En 2018 et au premier trimestre 1, les startups nigérianes ont collectivement levé 2019 millions de dollars de financement. Selon Bolu, ces chiffres pourraient considérablement diminuer si les banques continuaient à "tout faire" au rythme actuel.


Lecture suggérée ; "Les startups nigérianes ont levé 17.6 millions de dollars au premier trimestre 1, soit 2019 % de plus qu'au premier trimestre 8.5 » - Rapport


Il pense qu'elles [les banques] créeront des statistiques d'échec et compliqueront la tâche des entreprises dans lesquelles elles se lancent et ne seront pas attrayantes pour les investisseurs et les entrepreneurs.

Dans le but de sauter sur chaque train brillant et en mouvement, les banques ont promis un soutien indéfectible au développement de l'écosystème technologique naissant du Nigeria, y compris ses startups.

La plupart ont tenu cet engagement et ont en fait des programmes et même des financements pour les startups qui ont beaucoup aidé.

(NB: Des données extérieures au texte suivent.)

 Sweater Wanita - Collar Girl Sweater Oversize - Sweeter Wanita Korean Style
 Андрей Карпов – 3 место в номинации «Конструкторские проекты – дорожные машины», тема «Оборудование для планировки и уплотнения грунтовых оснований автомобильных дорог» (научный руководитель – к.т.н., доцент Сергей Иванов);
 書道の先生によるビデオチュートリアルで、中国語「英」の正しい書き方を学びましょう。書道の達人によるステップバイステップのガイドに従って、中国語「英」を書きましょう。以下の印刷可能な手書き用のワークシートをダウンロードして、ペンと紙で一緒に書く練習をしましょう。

Mais Bolu pense que cette décision est à la fois ironique et quelque peu hypocrite.

« Comment aider une cause, la renverser et la tuer avec une concurrence déloyale et irréfléchie ? »

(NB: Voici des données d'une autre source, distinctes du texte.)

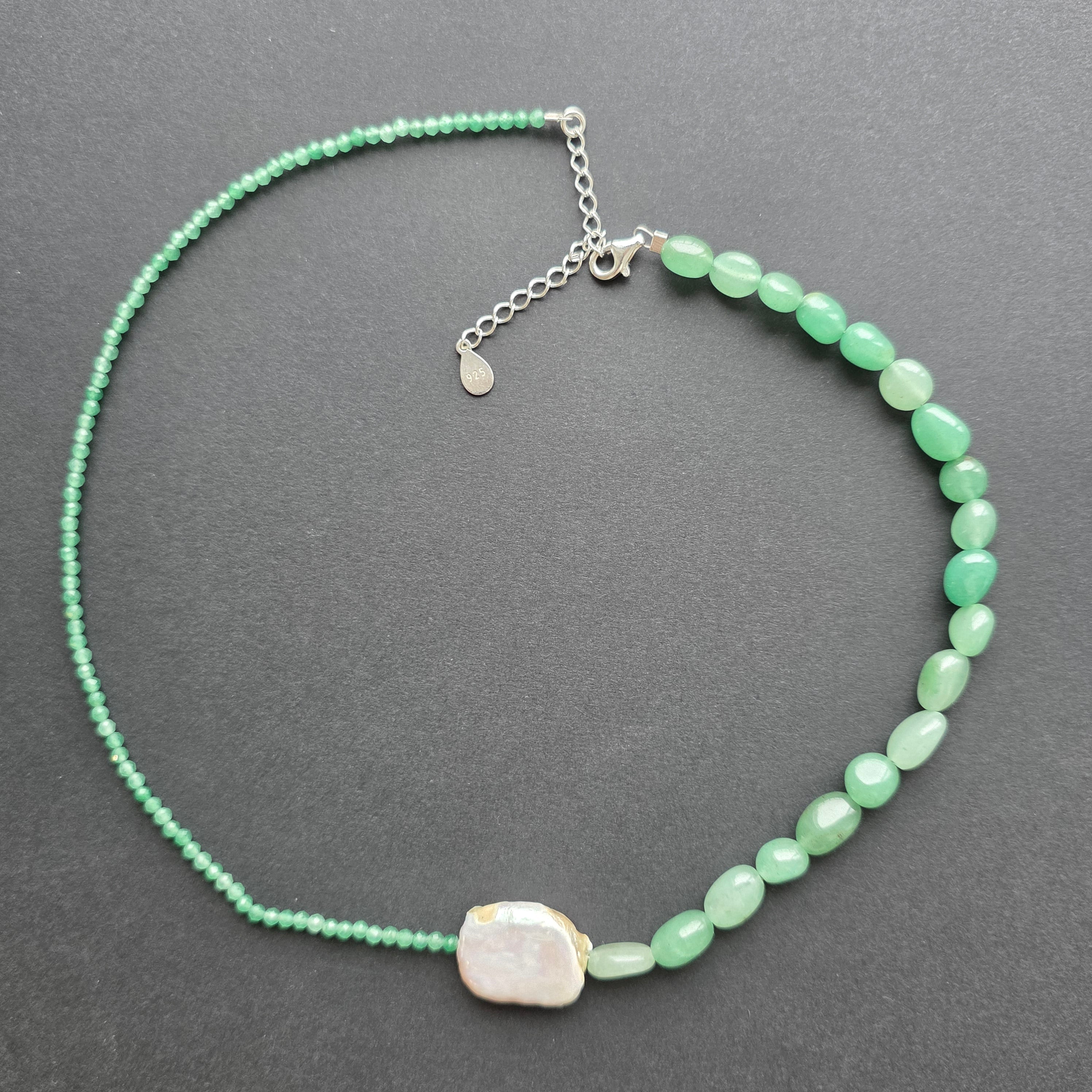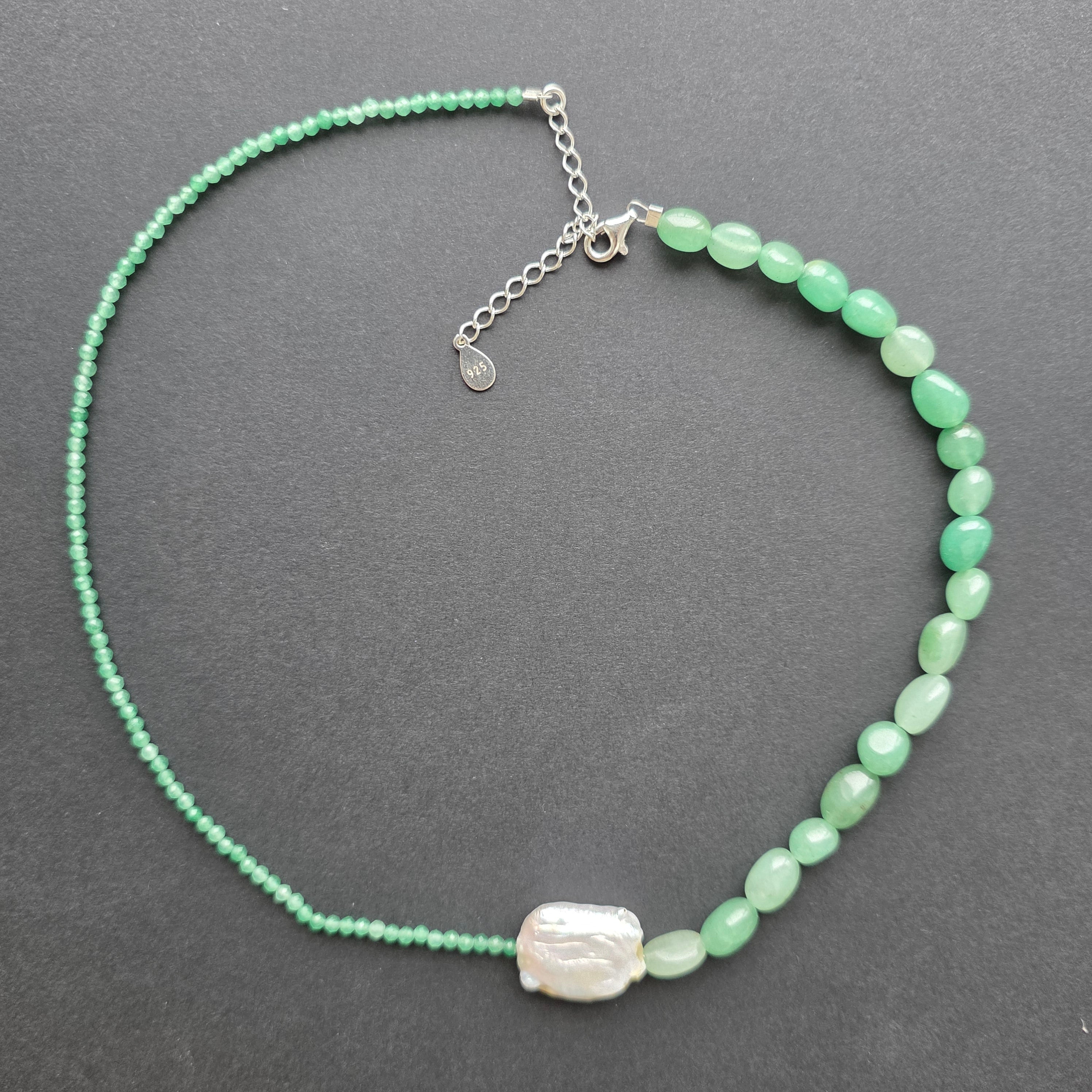 Materiale: aventurin verde natural, mărgele tumble 6 × 4 mm, sfere fațetate 2 mm, perlă naturală 2 cm, argint 925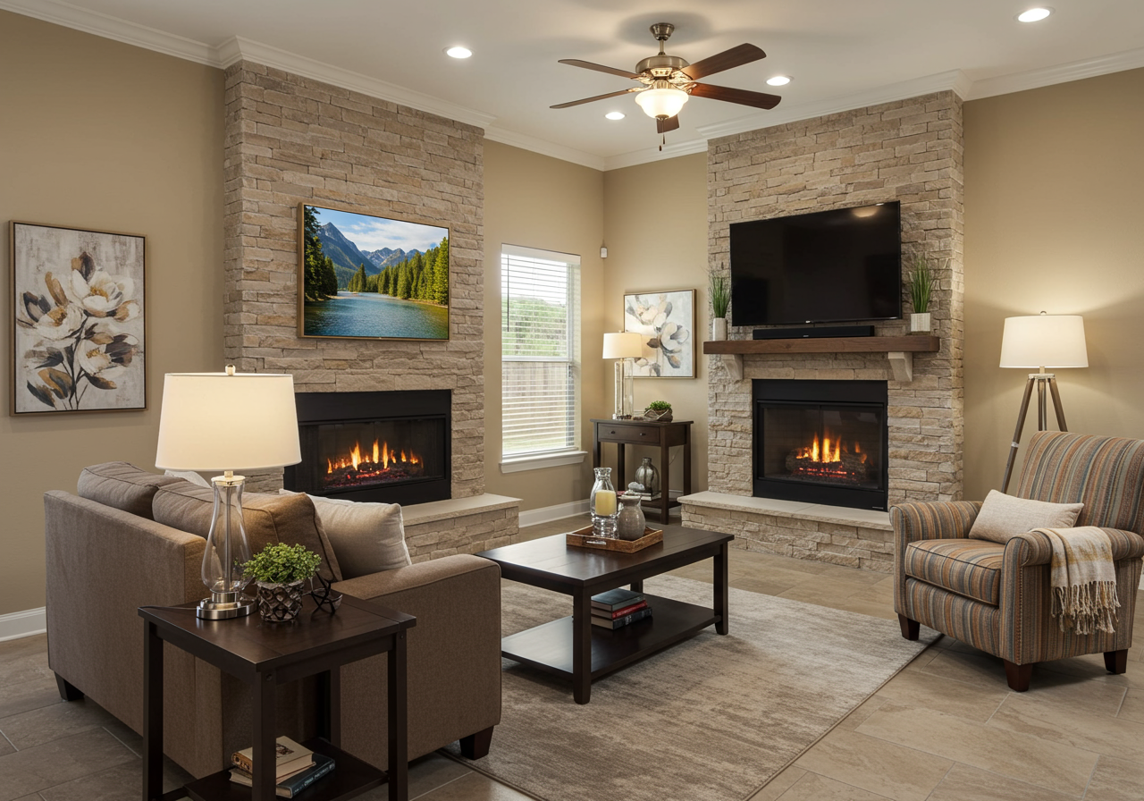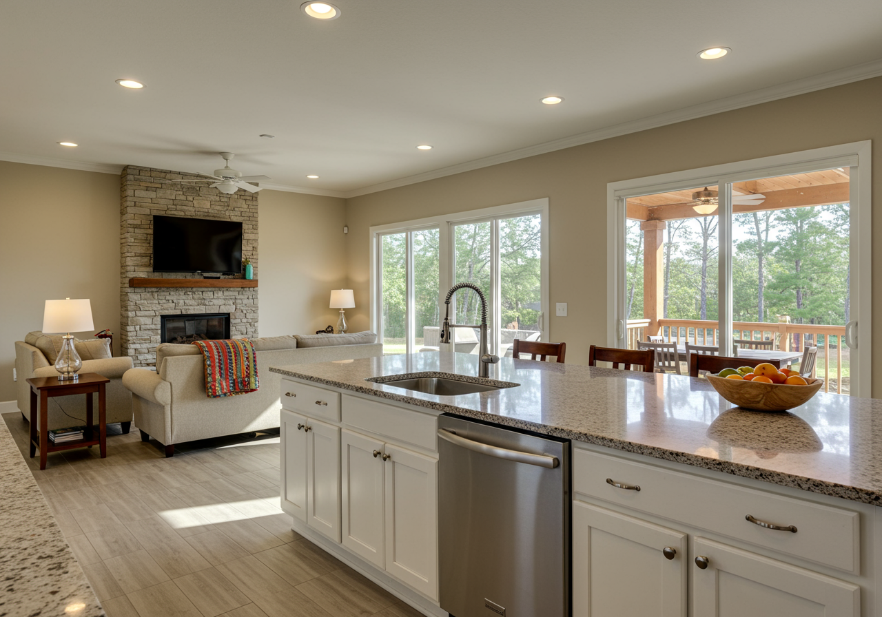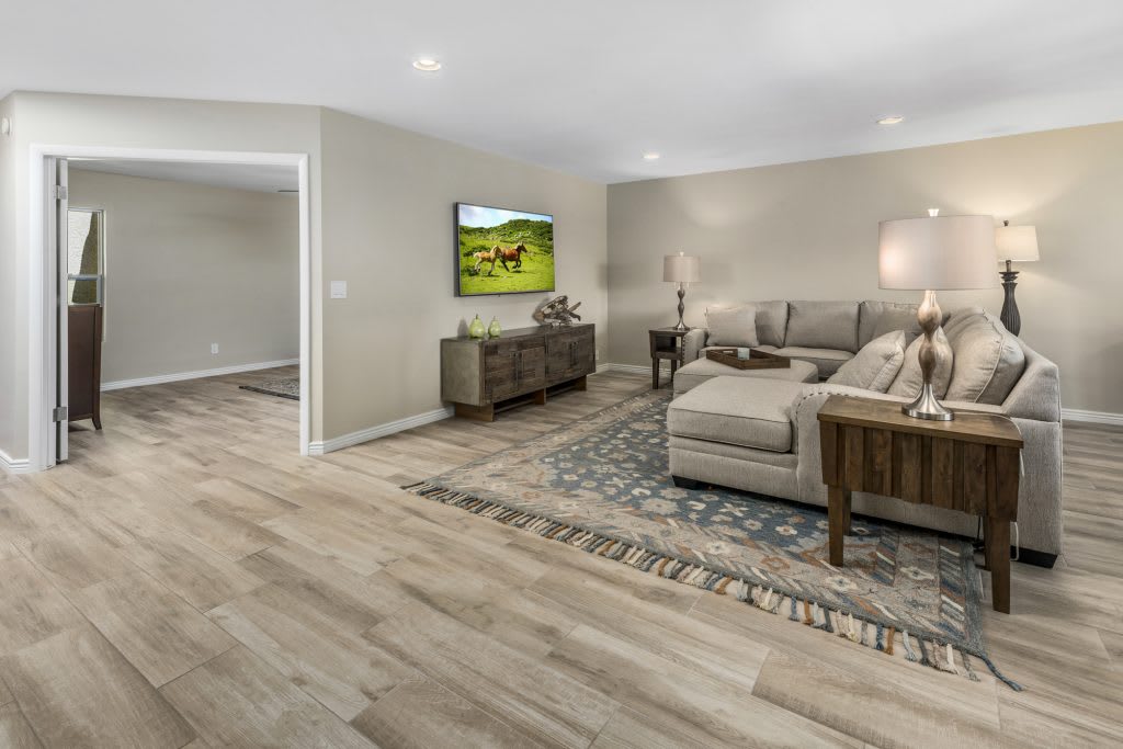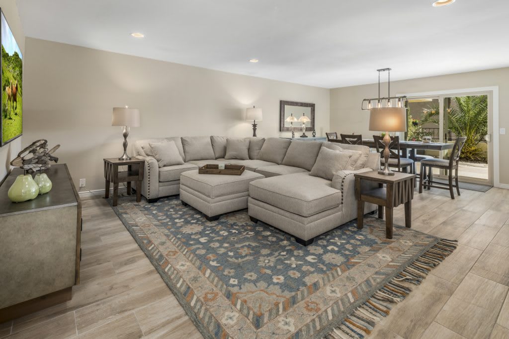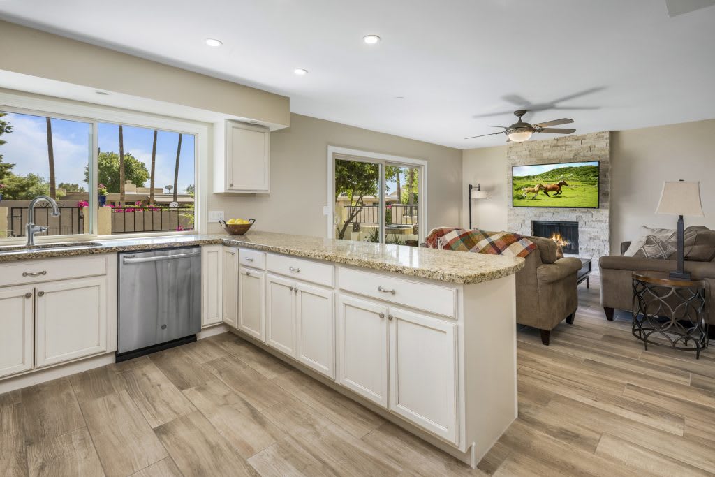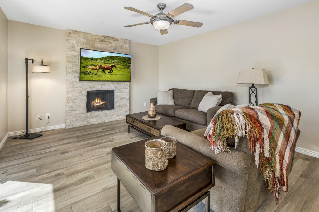 The home has been gorgeously updated with a Southwest casual style. It is the perfect open concept living with wood-style plank flooring, a fireplace with a stacked stone surround, and easy access to outdoor spaces.

"Laissons les banques se contenter d'encaisser"

Au fil des ans, les critiques ont souligné que les banques nigérianes ne remplissent pas l'une des fonctions de base des instituts ; prêt.

Le dictionnaire définit une banque comme "Un établissement financier qui utilise l'argent déposé par les clients pour l'investissement, le verse au besoin, accorde des prêts à intérêt et échange des devises".

S'exprimant à ce sujet, Ahmed a déclaré que tout "entrepreneur non riche qui a essayé de contracter un prêt auprès d'une banque nigériane sait que c'est une tâche presque impossible dans laquelle vous ne voulez pas vous lancer".

Bolu pense que dans l'intérêt du développement économique et de la croissance des startups et des petites entreprises, les banques nigérianes devraient soutenir financièrement et stratégiquement les acteurs déjà existants dans certains domaines plutôt que de se lancer dans tous les "nouveautés".

"Laissez les banques se contenter d'effectuer des opérations bancaires et laissez toutes les autres personnes faire ce qu'elles font", dit-il.


*Comme demandé par les personnes interrogées, les noms ont été changés pour l'anonymat.